FAIRBANKS, Alaska - Community members gathered last night to discuss Alaska's opioid epidemic.
They examined what's working, what's not working, and what the barriers to change are.
Last year, Gov. Bill Walker signed into law legislation aimed at further addressing opioid abuse in Alaska.
After that, response measures were put in place - like drug disposal, reducing the supply of opioids, and providing education.
But now lawmakers are looking for long-term solutions.
In order to help legislators build a plan, they've decided to ask for community input.
The 'Office of Substance Misuse and Addiction' wants to address root of the problem and make a change.
Andy Jones; Director of the Office of Substance Misuse and Addiction Prevention>>"When we look at prevention, we talk about primary, secondary, and tertiary prevention, so things like Narcan, these are the tip of the spear stuff.

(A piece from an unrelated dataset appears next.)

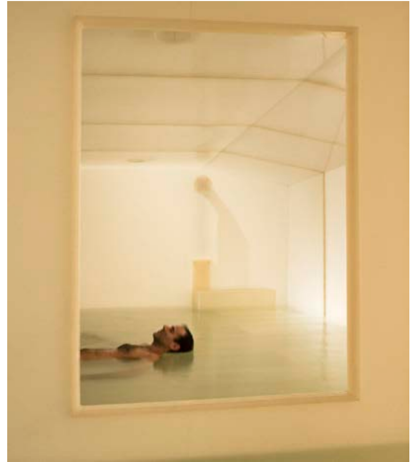
Giant Psycho Tank , 1999. Installation view, "Experience," New Museum.

But these are really just a tourniquet to the issue at hand right now. So what it means is that this is saving Alaskan's lives and doing amazing things. I think we deserve, not just one chance, but sometimes we as humans need 2, 3, 4, 5, it's keeping us alive as we build a system, but we need to really go back and say, 'Why are Alaskans self medicating? Why do we have this adverse childhood experience occurring?' And so those are what the Health Officials in partnership with many other agencies are starting to look at and hopefully be addressing here in the long term future."